In this case, procedural due process was followed by PLDT when it notified respondent of the
complaint against him through an inter-office memorandum and in another inter-office memorandum
informing respondent that his act of installing special features in his brother-in-law’s telephone line
without authorization from petitioner constituted “gross misconduct” and was “grossly violative of
existing company rules and regulations,” hence, warranting his termination from service.

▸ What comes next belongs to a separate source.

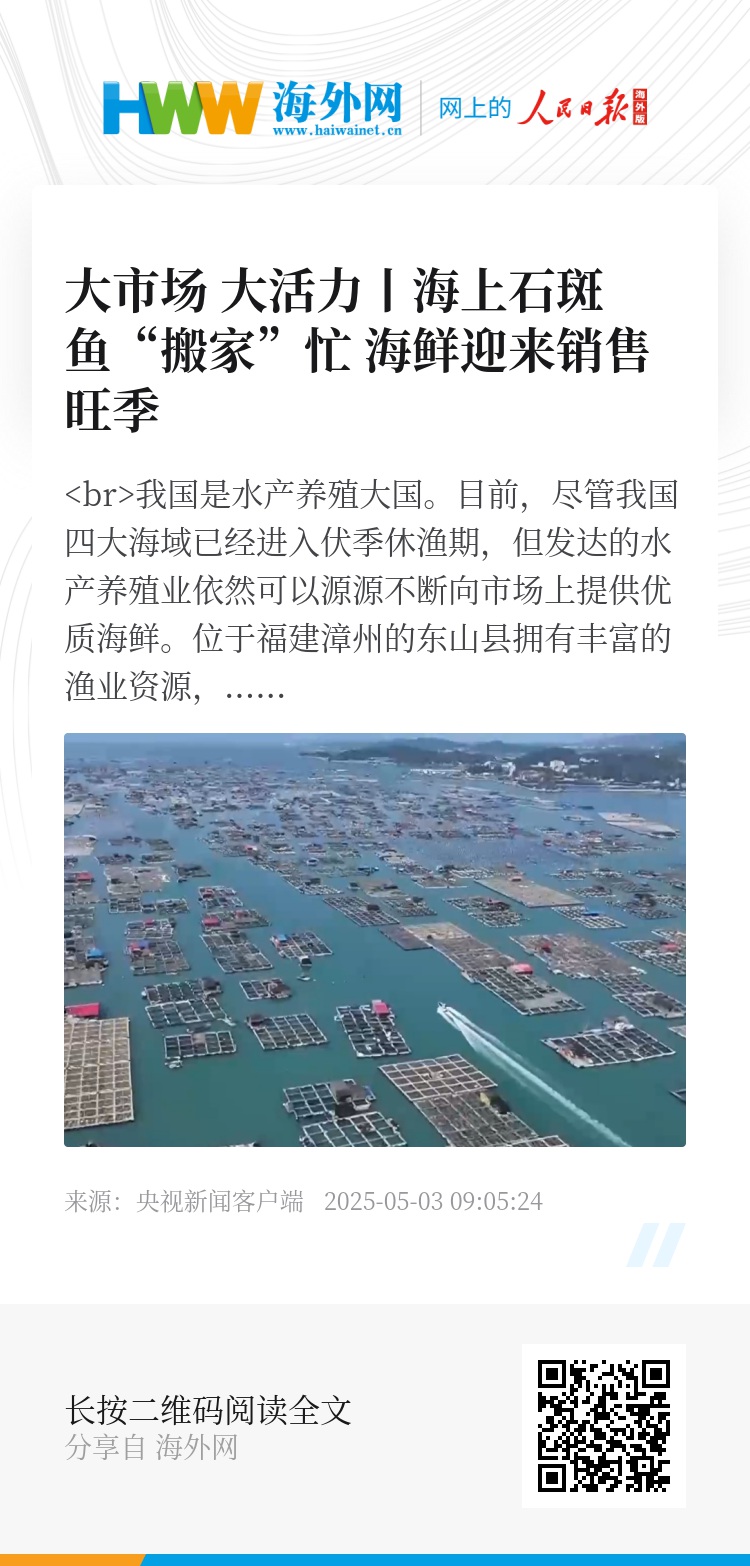 位于福建漳州的东山县拥有丰富的渔业资源,“五一”假期,这里的海产品迎来了销售旺季。那么,当地的海产品是怎么进行养殖和捕捞的?销售情况如何?一起来看↓

As regards substantial due process, the grounds for termination of employment must be based on
just or authorized causes. The notice of termination sent by petitioner to respondent indicated that the
latter was dismissed from service due to unauthorized installation of service features in his brother-in-
law’s telephone line, which allegedly constituted gross misconduct. Misconduct has been defined as
improper or wrong conduct. It is the transgression of some established and definite rule of action, a
forbidden act, a dereliction of duty, willful in character, and implies wrongful intent and not mere error
of judgment. Ordinary misconduct would not justify the termination of services of the employee as the
Labor Code is explicit that the misconduct must be serious. To be serious, the misconduct must be of
such grave and aggravated character and not merely trivial and unimportant. Such misconduct,
however serious, must nevertheless be in connection with the employee’s work to constitute just
cause for his separation. As amplified by jurisprudence, misconduct, to be a just cause for dismissal,
must (a) be serious; (b) relate to the performance of the employee’s duties; and (c) show that the
employee has become unfit to continue working for the employer. Moreover, in National Labor
Relations Commission v. Salgarino, this Court stressed that “[i]n order to constitute serious
misconduct which will warrant the dismissal of an employee under paragraph (a) of Article 282 of the
Labor Code, it is not sufficient that the act or conduct complained of has violated some established
rules or policies. It is equally important and required that the act or conduct must have been
performed with wrongful intent.”

The Supreme Court found that the misconduct of respondent is not of serious nature as to warrant
respondent’s dismissal from service. The records of this case are bereft of any showing that the
alleged misconduct was performed by respondent with wrongful intent. On the contrary, respondent
readily admitted having installed the service features in his brother-in-law’s telephone line for
purposes of study and research which could have benefitted petitioner. Moreover, as pointed out by
the appellate court, respondent’s misconduct did not result in any economic loss on the part of
petitioner since the service features were not yet available in the market at the time respondent
caused its unauthorized installation.

The penalty of dismissal from service is not commensurate to respondent’s offense. Although
petitioner, as an employer, has the right to discipline its erring employees, exercise of such right
should be tempered with compassion and understanding. The magnitude of the infraction committed
by an employee must be weighed and equated with the penalty prescribed and must be
commensurate thereto, in view of the gravity of the penalty of dismissal or termination from the
service. The employer should bear in mind that in termination cases, what is at stake is not simply the
employee’s job or position but his very livelihood.